Task requirements >>
What is needed is an exact reproduction of the lines from the one that contains "- PRODUCT SPECIFICATIONS: recommended" through the end of the data, both included and nothing else, with pictures omitted.

Data excerpts >>
★ ★ ★ ★ ★

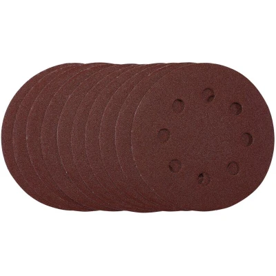 General description This pack contains 10 high-quality 115mm aluminium oxide sanding discs designed for versatile use on various surfaces. They feature resin bonding for enhanced grain adhesion, anti-static properties, and long-lasting performance. The heavy-duty E-Weight backing paper ensures durability and the ability to handle tough sanding jobs. The hook and loop backing allows for quick and easy disc changes, while the eight pre-punched 8mm holes facilitate efficient dust extraction. These discs are suitable for sanding and finishing wood, metal, aluminium alloys, painted surfaces, plastics, and fillers. Technical specifications Diameter: 115mm Grit: 120 Backing: Hook & Loop Material: Aluminium oxide Backing paper: Heavy-duty E-Weight Pre-punched holes: 8mm (8 holes) Compatibility and accessories Compatible with all 115mm orbital sanders equipped with hook and loop backing pads.
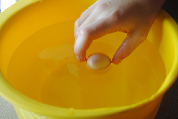 Since there were four eggs, I assumed they might be from one hen, and have possibly been sitting in a the summer heat for a few days, so my niece and I did the egg freshness test.
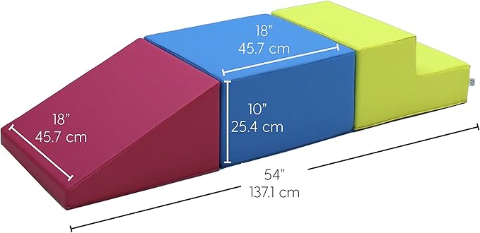 - PRODUCT SPECIFICATIONS: recommended for kids 10 months to 3 years, adult supervision required; assembled climber measures 54" L x 18" W x 10" H; light assembly required
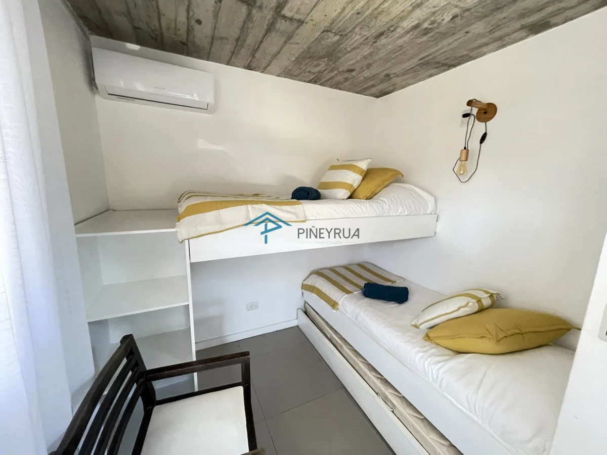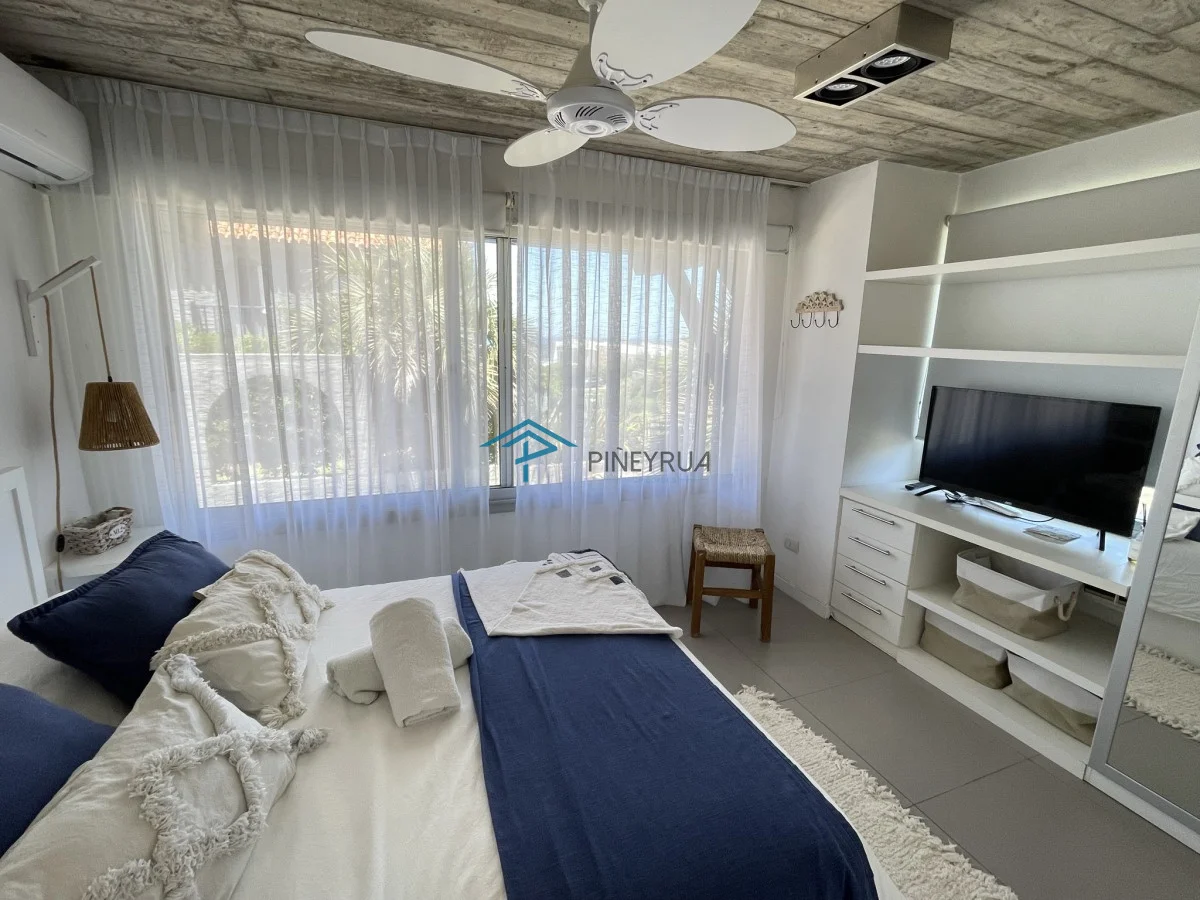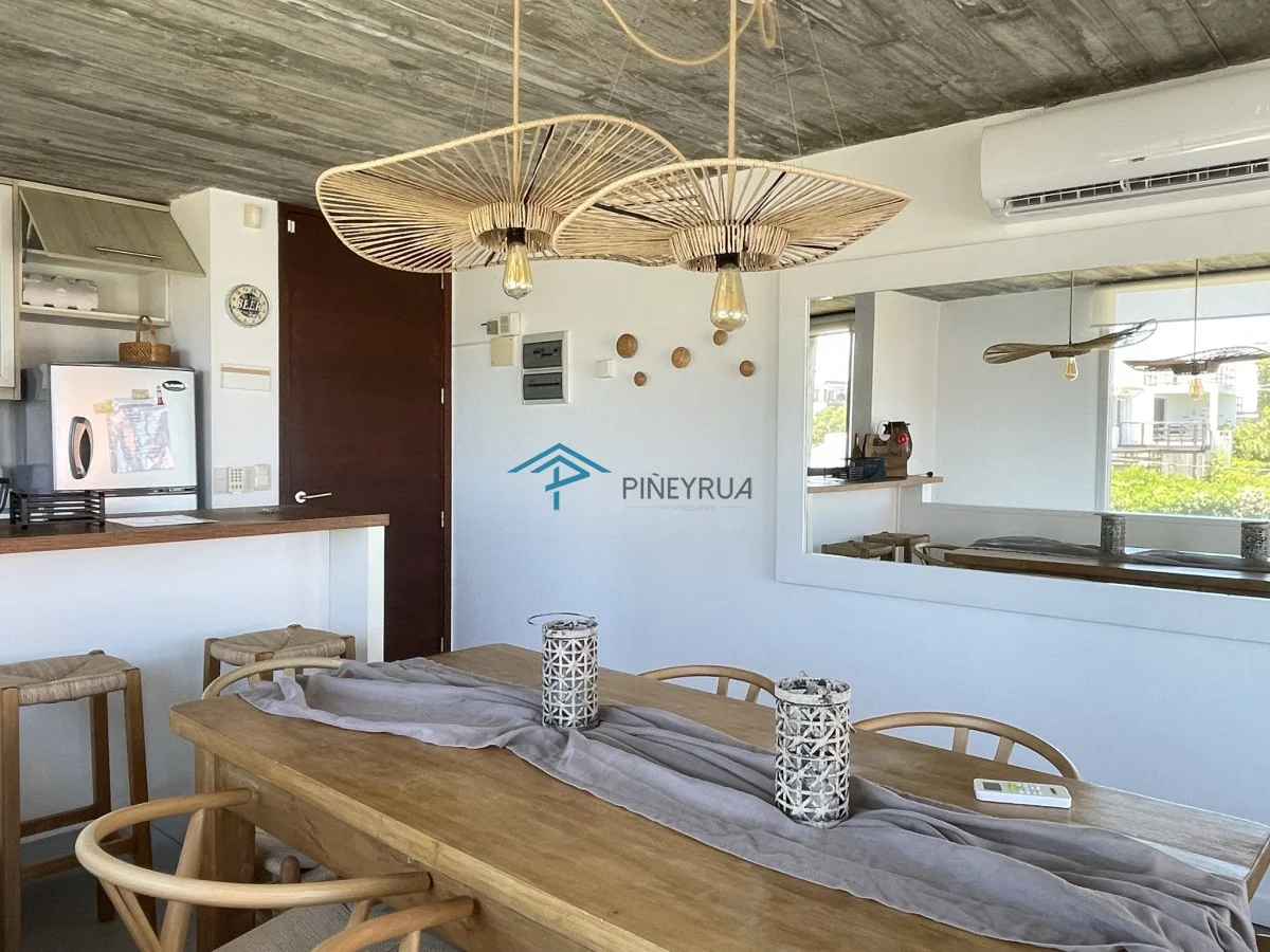 En el primer nivel, cocina integrada, parrillero y living comedor con salida a terraza con vista al mar. En segundo desnivel, dormitorio principal en suite con vistas al mar y otro con su baño. En el último, tercer dormitorio con un baño y cochera. Cuenta con servicio de mucama y piscina.
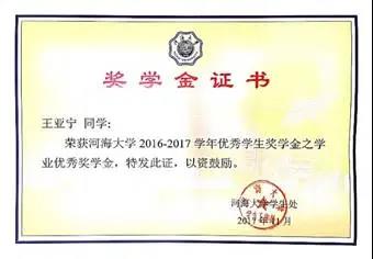 1.河海大学2016-2017学年优秀学生奖学金之“学业优秀”奖学金

★ ★ ★ ★ ★

Solution to the exercise >>
 - PRODUCT SPECIFICATIONS: recommended for kids 10 months to 3 years, adult supervision required; assembled climber measures 54" L x 18" W x 10" H; light assembly required
 En el primer nivel, cocina integrada, parrillero y living comedor con salida a terraza con vista al mar. En segundo desnivel, dormitorio principal en suite con vistas al mar y otro con su baño. En el último, tercer dormitorio con un baño y cochera. Cuenta con servicio de mucama y piscina.
 1.河海大学2016-2017学年优秀学生奖学金之“学业优秀”奖学金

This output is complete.